Asserts are internal consistency checks. Occasional asserts are normal. A spike or sustained high value means something unexpected is happening internally and you should check the MongoDB logs for details.

Page Faults¶

Shows the rate of operating system memory page faults per second.

A page fault occurs when a process accesses a memory page that isn’t currently in RAM, either because it was never loaded yet or because it was swapped out. High page fault rates on a MongoDB instance usually mean the working set no longer fits in RAM and MongoDB is frequently fetching data from disk. Check Memory Available in the node section to confirm whether the host is under memory pressure.

System Resources¶

The lower section shows host-level metrics:

System Uptime: How long the host has been running. The display turns orange after 5 minutes and green after 1 hour. A low value may mean an unexpected host restart.
Load Average: One-minute load average. Turns orange at 10 and red at 20. Values above the number of CPU cores mean the host is overloaded.
RAM: Total physical memory on the host.
Memory Available: Percentage of memory currently available for applications. Turns orange below 5% and red below that. On modern Linux kernels, this is not the same as free memory alone.
Virtual Memory: Total of RAM plus swap space on the host.
Disk Space: Total disk capacity across all partitions. Note that this value can be over-reported in some installations where the same storage is counted multiple times.
Min Space Available: Lowest free disk space percentage across all partitions. Turns orange below 5% and green above 20%. A low value means at least one filesystem is nearly full.
Node: Link to the Node Summary dashboard for the underlying host.

CPU Usage¶

Shows CPU utilization over time as a stacked chart, broken down by mode: user, system, iowait, steal, and others.
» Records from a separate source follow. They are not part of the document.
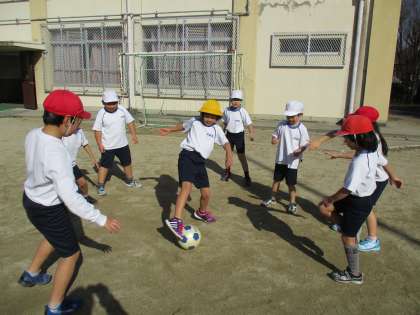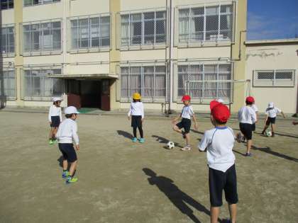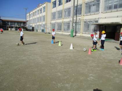 1時間目は,ボールをけることに慣れるため,ドリブルやシュートの練習や,ボールをとられないようにパスをする鳥かごをしました。子どもたちはとても楽しんで,その日の放課後に「先生!鳥かごしよう!」と言ってくる子もいました。
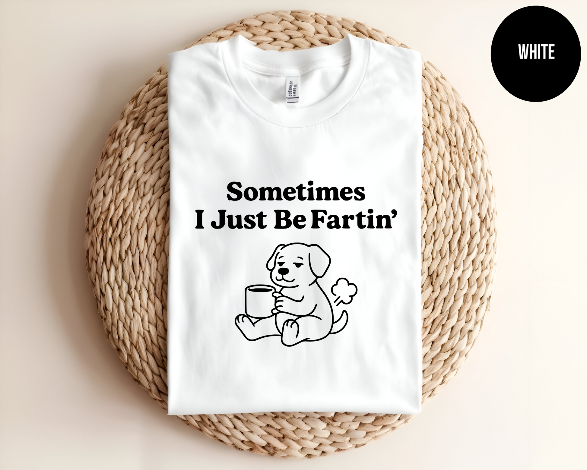 This “Sometimes I Just Be Fartin’” shirt is the perfect mix of cute and crude. Featuring a chill cartoon pup holding a mug and letting it rip with zero shame, this shirt is ideal for coffee lovers, dog people, and anyone who owns their… air rights.
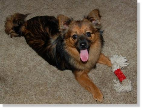 Meggie is about 1 year old and looks like she is a cross between a long haired Chihuahua and a Pomeranian.
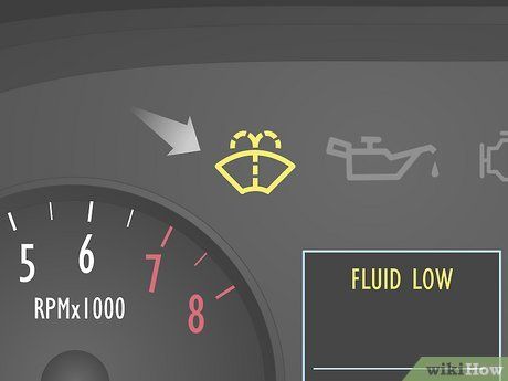 Solving the Problem: Replenish windshield washer fluid by refilling the reservoir in the engine bay with fluid matching the symbol on the cap. If the light persists, clean out the reservoir with distilled water to remove debris, then refill with washer fluid.
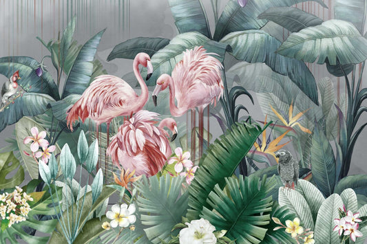 Tropikal Bahçede Flamingolu ve Papağanlı Duvar Kağıdı
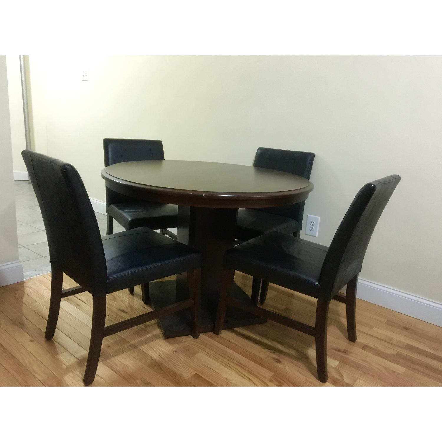 Seller's Notes:Minor scratches on one side of the table. Comfortable leather like chairs.
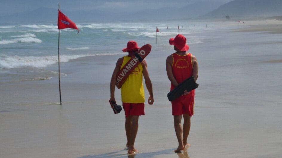 - Preste atenção especial à sinalização na faixa de areia, em que a bandeira vermelha triangular significa que aquele local é perigoso. A mesma bandeira normalmente sinaliza, também, que há uma corrente de retorno;
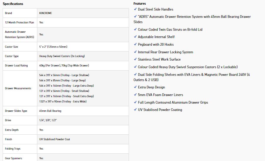Dual Side Folding Shelves with EVA Liners & Magnetic Power Board 240V (4 Outlets & 2 USB)

A high user percentage means application processes (including MongoDB) are driving the load. A high iowait percentage means the CPU is frequently waiting for disk I/O, which can point to a working set that doesn’t fit in memory. A high steal percentage means the host’s vCPU is being time-sliced by the hypervisor.

CPU Saturation and Max Core Usage¶

Shows normalized CPU load (load average divided by CPU count) and the maximum utilization of any single CPU core over time.

The normalized load shows whether the system is overloaded overall: values above 1.0 mean processes are waiting for CPU. The Max CPU Core Utilization line (on the right axis) shows whether work is concentrated on a single core, which can be a bottleneck even when overall CPU looks healthy.

Disk I/O and Swap Activity¶

Shows disk read throughput (positive Y axis) and disk write throughput (negative Y axis), plus swap in and swap out activity over time. Links to the Disk Performance dashboard for more detail.

Swap activity is a warning sign: if the host is swapping, RAM is exhausted and performance will degrade significantly. A sustained increase in disk reads can indicate that the working set has grown beyond what fits in memory.

Network Traffic¶

Shows inbound network throughput (positive Y axis) and outbound network throughput (negative Y axis) in bytes per second.

Unexpected spikes can indicate replication traffic, a client sending or receiving large result sets, or a backup in progress.